Une combativité exemplaire jusqu’à la sirène
Malgré le « coup de massue » de l’entame, l’équipe de France refuse d’abdiquer. Le trio Da Costa-Texier-Bellemare tente de porter le danger, mais Vladar reste impérial. Fidèles à leur image du deuxième tiers, Boudon et Fabre multiplient les efforts et le pressing haut. À la 53ème minute, une belle combinaison entre les deux hommes oblige Vladar à un arrêt difficile sur un tir excentré de Fabre. Le dernier droit du match voit les deux équipes se rendre coup pour coup, mais le score ne bougera plus. Si la fatigue et quelques erreurs de jeunesse ont pesé lourd, le groupe France sort de cette confrontation la tête haute, porté par une solidarité sans faille.
Les Bleus s’inclinent face à la puissance tchèque, mais ils ont prouvé qu’ils pouvaient rivaliser avec les meilleures nations mondiales, notamment lors d’un deuxième tiers d’anthologie. Ce match servira de leçon précieuse avant le choc immense qui les attend : un duel face au Canada, dimanche, ultime répétition avant un huitième de finale où tous les espoirs sont permis.
Zone mixte (à venir) :
Stéphane da Costa (attaquant – France) : Le 3-3 il nous fait mal sur un turnover, j’ai essayé de faire une passe. Bref, on prend un but, après le 4-3 à 30 secondes de la fin en powerplay en plus, ça fait vraiment mal. Ouais, c’est une déception quand même, parce qu’on est revenu dans le match, on a fait un bon petit match, la deuxième période a été bonne. c’est du haut niveau en face aussi, y’a rien à dire. On les a fait trembler quand même, mais c’était un bon match. Après, des erreurs peut-être, des erreurs d’inattention, de précision, mais voilà. c’est une prestation de la France face à la Tchéquie. On peut dire correct, mais bon, c’est une défaite. 6-3, c’est pas une belle défaite non plus.

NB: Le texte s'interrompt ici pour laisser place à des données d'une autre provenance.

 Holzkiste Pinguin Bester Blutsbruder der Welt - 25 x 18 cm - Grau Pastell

Après on prend deux buts assez rapides en début de troisième, ça aussi ça fait mal.
Louis Boudon (attaquant – France) :
Personnellement, c’est un bon match de ma part. Forcément, après, collectivement, c’est très décevant. Surtout quand on a le lead contre une équipe comme ça à 3-2. On a cinq minutes de la fin du deuxième tiers. Il faut juste arriver à garder ce score. Après, comme ça, on peut se donner une chance. On fait deux petites erreurs. Il y a un but, ça arrive.
Après, il y a un troisième but. Un quatrième but qu’ils mettent. On n’en parle plus. Je ne sais pas trop ce qu’il se passe. Une grosse erreur de changement. Il y aura de l’attention. Après, c’est compliqué de revenir contre une équipe comme ça. Je sais que ça nous a donné beaucoup de confiance, 3-2. C’est un but un peu dommage, le 3-3. On est toujours dans le match. Après, honnêtement, je ne sais pas ce qu’il se passe sur le quatrième. On essaie de se… De voir un reset en allant au début du troisième tiers. Puis, ils marquent deux buts coup sur coup. On sait qu’on a fait des erreurs. On a repris ça. Il n’y avait pas besoin de refaire tout le système.

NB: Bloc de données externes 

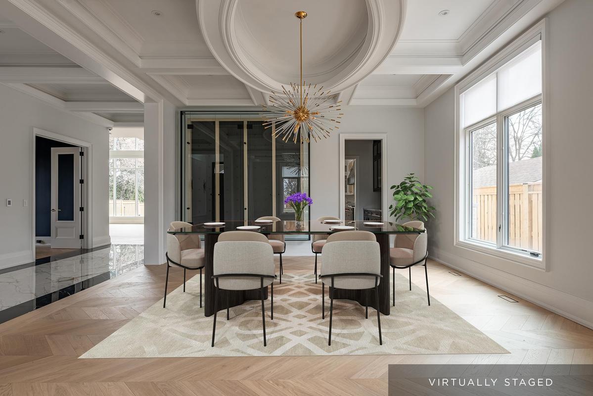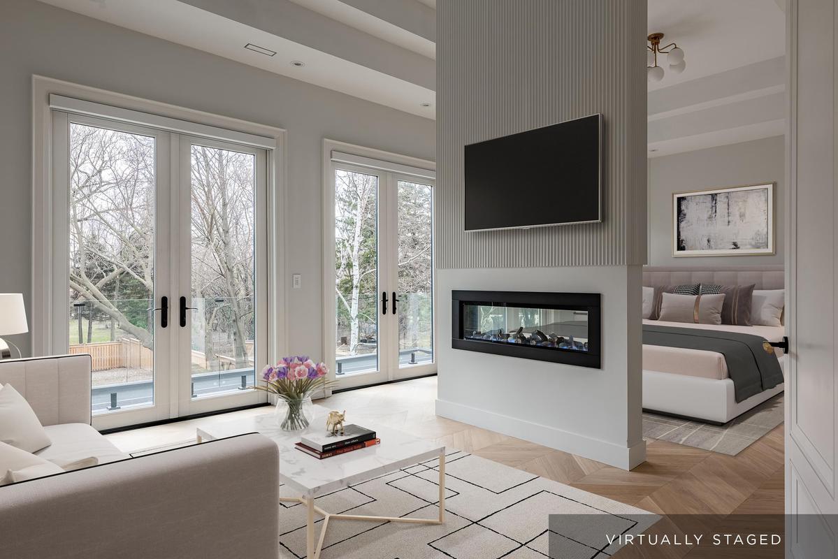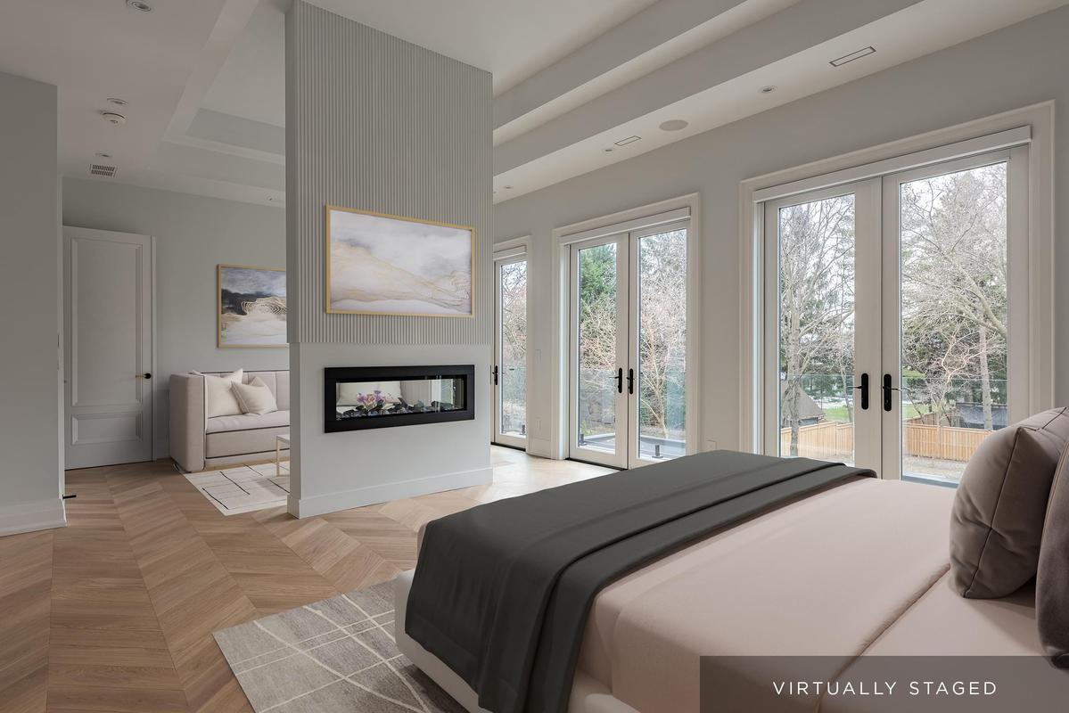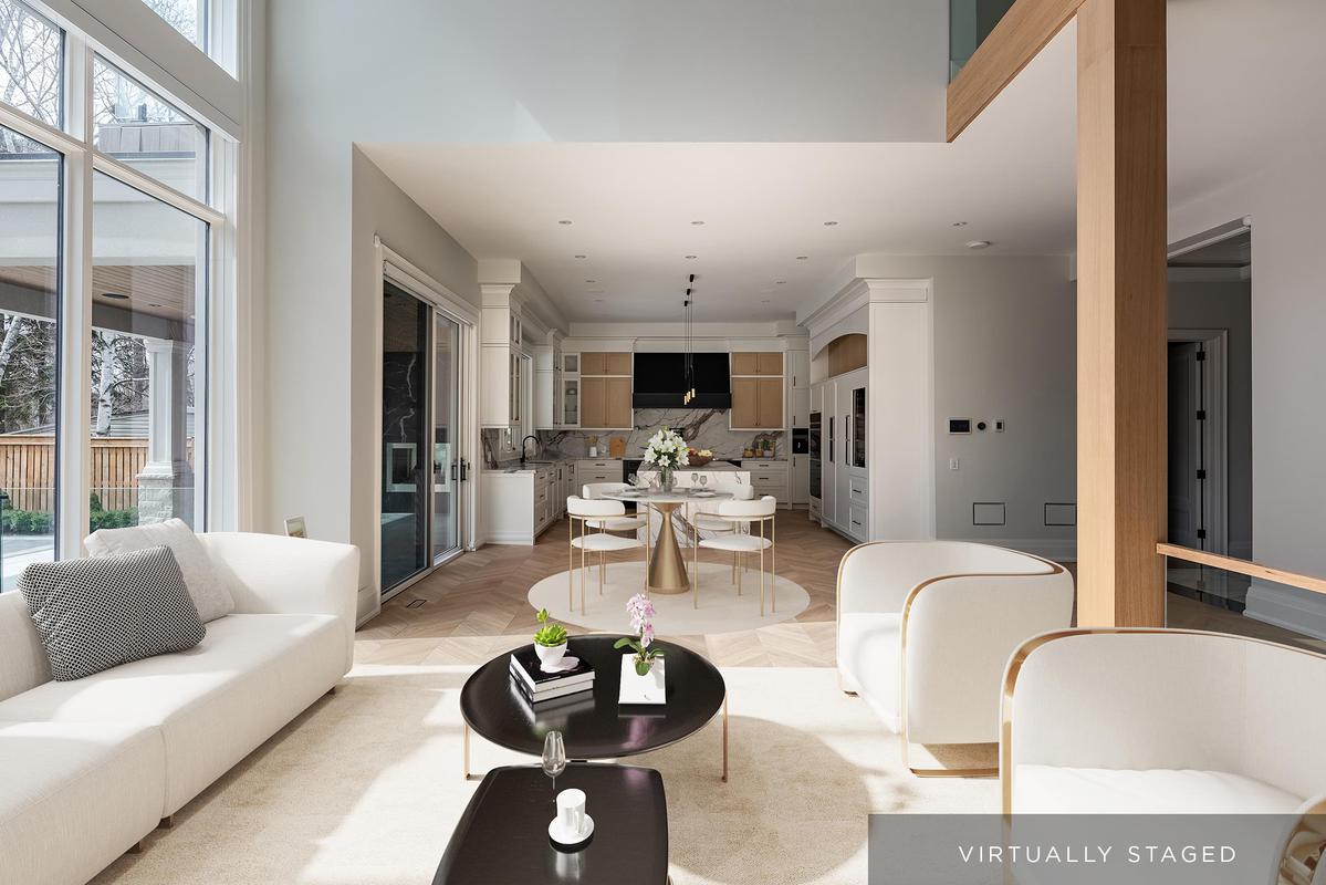 Set back on an expansive estate lot, this custom-built home offers nearly 9,000 sq ft of expertly curated living space, complete w/6 bedrooms + 8 bathrooms. Every inch of this residence reflects refined comfort + thoughtful design, blending texture, clean lines, open sightlines + a seamless connection to the outdoors. Inside, each space is anchored by custom-milled mouldings, bold stone, designer lighting, imported wood finishes, expansive glazing + smart home integration. The heart of the home is a chef's kitchen with walk-in pantry + servery, flowing into a two-storey family room w/full-height windows + a dramatic fireplace feature wall. A functional utility wing includes ample storage + a pet wash station. The central staircase serves as a sculptural focal point, carrying light + elegance to the upper levels. Each bedroom suite offers privacy and sophistication, with custom dressing rooms + lavish ensuites. The primary retreat is a true sanctuary-double doors lead to a lounge + sleeping quarters w/a two-sided fireplace, private patio access, a fully outfitted dressing room + a luxe bath w/steam shower + soaker tub. A third-floor suite offers flexibility as a second primary or teen haven.The walk-out lower level expands the living space w/a custom wet bar, games area, theatre, rec room with fireplace + a private nanny suite. Outdoors, the home continues to impress with a spacious portico with central gas fireplace, flat-stone patios + a lush, tree-lined yard-perfect for summer entertaining or quiet evenings. Central to several local schools, shopping and walkable to Appleby College. An exceptional home in West Oakville, offering the space, design, and comfort your family has been looking for.

C’était des erreurs d’inattention qui nous ont coûté cher. Juste d’aller au troisième tiers, même mentalité, même niaque. Malheureusement, ça n’a pas suffi. Ça donne quoi pour la confiance quand on a deux buts contre Dan Vlada, un gardien international? C’est quand même deux très beaux buts de ta part. Merci déjà. C’est toujours bien pour la confiance. Pour un attaquant, offensivement, donner son équipe, marquer des buts et prendre le momentum comme ça, c’est toujours bon pour la confiance. C’était bon pour l’équipe à ce moment-là. J’espère qu’on va pouvoir continuer comme ça sur le match contre les Canada.
Yorick Treille (coach – France) :
« Le premier tiers a été très difficile. On affrontait une équipe de Tchéquie qui sortait d’un 5-0 contre le Canada et qui a mis une intensité et une vitesse qui nous ont fait mal à la tête d’entrée. Au lieu de rester soudés autour d’un plan collectif à 25, la panique s’est installée. Avec l’envie de bien faire, chacun a commencé à suivre son propre plan individuel. À ce niveau, face à une telle vitesse, il est alors impossible de rivaliser. »

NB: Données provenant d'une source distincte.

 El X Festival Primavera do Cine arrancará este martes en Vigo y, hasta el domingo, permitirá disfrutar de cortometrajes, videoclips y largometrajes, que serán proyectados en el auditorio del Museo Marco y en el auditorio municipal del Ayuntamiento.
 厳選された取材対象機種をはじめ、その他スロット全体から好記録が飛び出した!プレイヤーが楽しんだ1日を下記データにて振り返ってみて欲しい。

« Le deuxième tiers nous a remis debout. On s’est dit les choses dans le vestiaire et on a su saisir nos rares occasions pour revenir dans le match. On en a tiré de l’énergie, mais malheureusement, cela nous a fait perdre notre discipline. C’est notre gros manque aujourd’hui. À haut niveau, sans discipline et sans un groupe qui suit le plan à la lettre, on n’a aucune chance. C’est frustrant, mais c’est un apprentissage. On se tire parfois une balle dans le pied par manque de lucidité. »
« Sortir à 3-3 à la fin du deuxième était possible, l’important était de rester au contact. Un match dure 60 minutes. Notre histoire avec ce groupe est encore courte, on manque de matchs de ce calibre. On l’a vu l’an dernier au Mondial contre la Finlande : on tient le 3-1, et tout bascule en deux minutes. C’est ça, le très haut niveau. Aujourd’hui, on est là pour gagner du respect. Les gars peuvent être fiers de leur engagement et de leurs sacrifices, mais sans discipline, tous ces efforts sont vains. »
« Il y a de la colère et de la tristesse car les joueurs s’investissent énormément, mais il y a surtout de l’espoir. On tourne la page dès maintenant pour se concentrer sur la suite. Jouer contre ces nations est un honneur qu’il faut mériter. Le Canada, ce sera encore un cran au-dessus en termes d’impact physique et d’énergie. Il n’y a pas de meilleur match pour nous pousser dans nos retranchements et nous préparer pour notre « match couperet » qui suivra. »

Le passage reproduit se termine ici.